Cross-sectional analysis of baseline and 3-year follow-up data found small but significant increases in mean BMI (0.3 kg2/m) and WC (1.5cm), prevalence of overweight or obesity (1.3 percentage points) and prevalence of central obesity (4.1 percentage points). Two repeated cross-sectional studies in adults in mainland China found a similar increase in prevalence of central obesity (4.1–4.6 percentage points) but a smaller increase in mean BMI (0.1 kg2/m) in 3-year intervals.[1,21] Longer-term repeated surveys (about 10 years apart) in China showed greater increases in mean BMI (0.2 to 1.2 kg2/m) and mean WC (1.4cm), prevalence of overweight or obesity (2.9 to 10.0 percentage points) and central obesity (2.9 to 9.2 percentage points).[2224] However, as previously discussed, using repeated cross-sectional studies to compare changes in BMI and WC over time is problematic. Longitudinal data are preferred, but none were available in Chinese. A 10-year Japanese longitudinal study found the incidence of obesity (BMI ≥25) ranging from 5.2% to 25.6% in adults in different regions [9]. Although not directly comparable, other non-Asian studies using a higher BMI cut-off point of 30 found higher 10-year incidence rates of obesity: 15% in Australia, 12.0% in northern Sweden and 17.3% in rural areas of the United States [12,25].

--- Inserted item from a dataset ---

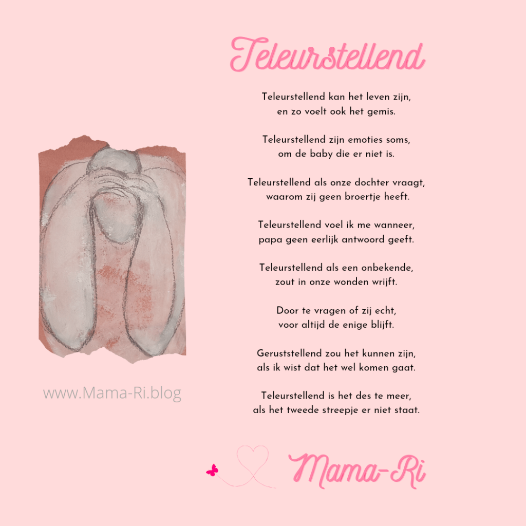 Deze week wil ik afsluiten met het gedicht waarin ik secundaire kinderloosheid onder woorden heb geprobeerd te brengen. Want ook al hebben wij een gezonde dochter en ook al maakt dat de situatie zeker anders, een onvervulde kinderwens is een onvervulde kinderwens. Of het nou de eersteš, tweedeš of derde isš…

More importantly, we have provided the first evidence on the short-term dynamic changes of individual weight status based on BMI and WC in the most westernised city in China. About half the respondents had changed weight status over 3 years. One-fourth had become overweight or obese, while a similar proportion had become normal. In contrast, WC changes were more pronounced for becoming normal (29.4%) than becoming centrally obese (17.4%). These results were consistent with other local findings that weight control behaviours were popular with more than one-fourth (28.8%) of respondents trying to reduce (15.5%), gain (1.3%) or maintain (12.0%) weight in the past 12 months [2]. The changes on weight status and WC may mostly happen among respondents with around-cut-off BMIs and WCs. Further studies are warranted to investigate the factors associating with the changes. Chinese studies have linked socio-demographic (sex, education) and lifestyle (smoking, alcohol, physical activities and diet) factors to weight gain [26,27]. With massive commercial advertising for weight control in Hong Kong, social pressure to be slim is great and over half the adolescents misperceived their weight status as overweight or obese [28]. On the other hand, aggressive promotion of high-energy food and lack of physical activities typical of urban living are conducive to obesity. The apparent stable prevalence of general and central obesity in Hong Kong is therefore likely due to a balance of the above opposing influences.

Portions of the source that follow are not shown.